Your environment and your space is always extremely tidy and aesthetically pleasing.

Donna

I do, but I, probably again like a lot of ladies on here, I find comfort in that so that is purely selfish. I don't think it's ever tidy, tidy enough. I'm kind of a magnet of seeing all imperfections and not in a judgy way. I don't have some crazy plan to stay organized, it's part of my routine. And I like to think that like every step I'm taking.

Erin

You have a great team that you can delegate to, and you know how many people it takes to get stuff done. You talked about things getting done...do you feel like that's because you also have people on your team that can help. 

Donna

This is where my personal life and my professional life I would say, you know, split a little bit. Yes, I have literally the smartest, kindest, most detail oriented team. It's less about the number of people, and more about having the right people and again I think this is efficiency. I would say my leadership style is not for everyone personally or professionally, and the people that work for me are not for everyone. 

Erin

Where do you find inspiration? 

Donna

I am surrounded by really amazing girlfriends. Nearly all of whom are professional in some way shape or form. And in lots of different industries. I miss that because of COVID. That time over wine and talking about whatever project we're working on at our house or something that we bought or some store that we were out at...we don't have a lot of stimulation right now. So, I feel a little depleted in that area. I've been trying to be better at reading. I subscribe to a lot of newsletters mainly to see what other companies are doing and how other marketing entities are talking about things in the industry. 

My motivation to be more efficient is that I have a lot of things that I think are very important that need to be done. And so I'm motivated to find the best way to do that, I think. Inspiration is, for me at least, is finding those little sparks of enjoyment along the way. Work is not always everything we want to do, so I use a lot of humor. We're all gonna be fine. We should have fun with it. 

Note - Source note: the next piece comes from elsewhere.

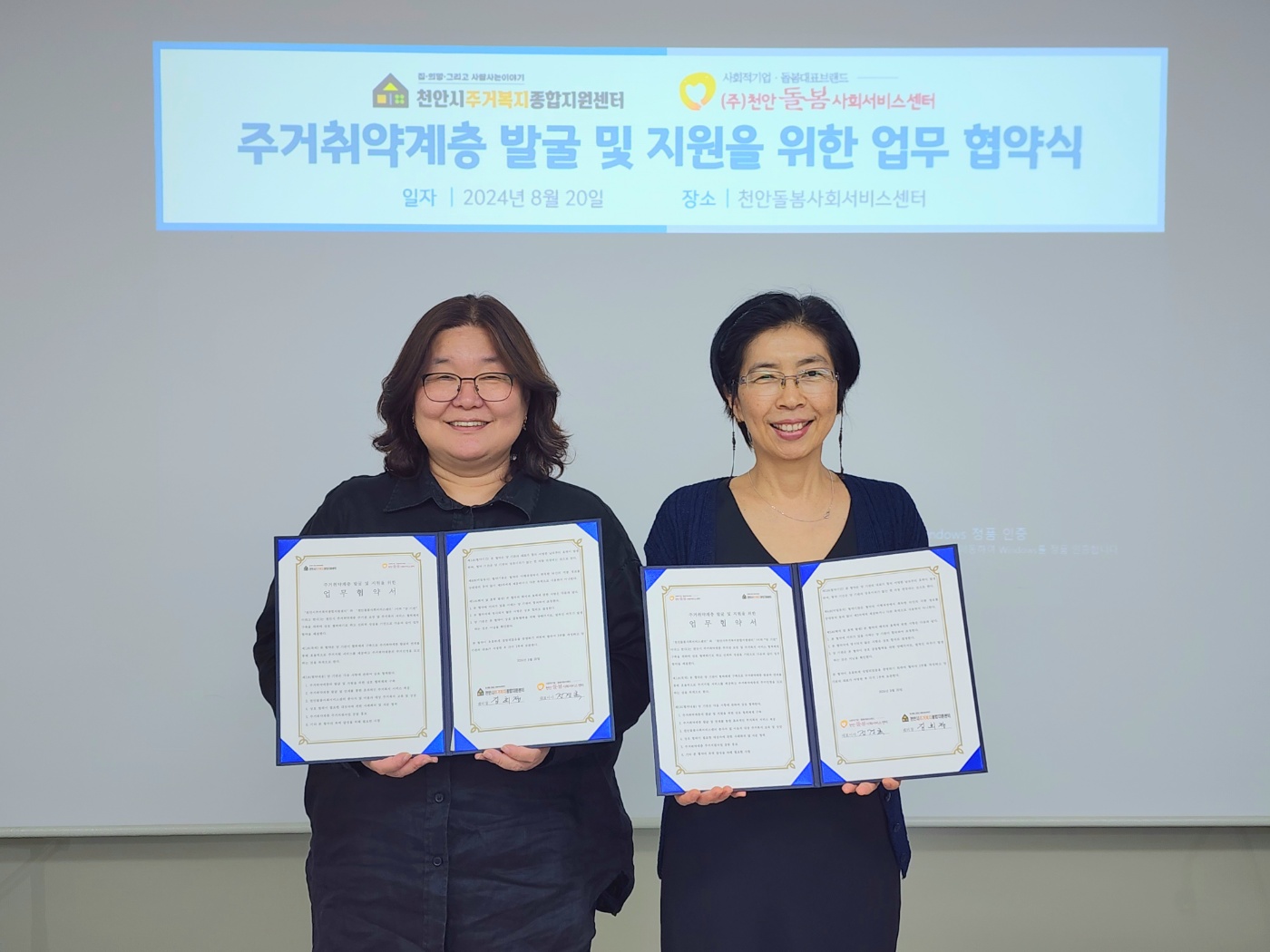 저희 센터는 8월 20일(화) 천안돌봄사회서비스센터와 주거취약계층 발굴 및 지원을 위한 업무협약을 체결하였습니다.

Professionally for us alignment is important because we think that it finds a middle ground for everyone so people feel more bought in when working with sales and marketing teams or, often with groups in marketing people think that it’s too complicated. But there's a little magic and it comes down to people, if you actually talk to each other and we actually say this is what we're trying to do. We're basically moderators right. Just like a lot of your work. So, it feels like a very simple thing but it is very impactful for companies, and maybe part of it is the pause that you talked about, maybe part of it is just having someone else say what they're feeling. It's probably a lot of those things combined but it isn't rocket science. It is a methodology that works, and buy in, whether it's in your family or business gets everyone on the same page. And it allows you to do more with less, and that allows you to move faster together and allows everyone to feel fulfilled. 

Erin

Thank you though for all your insights.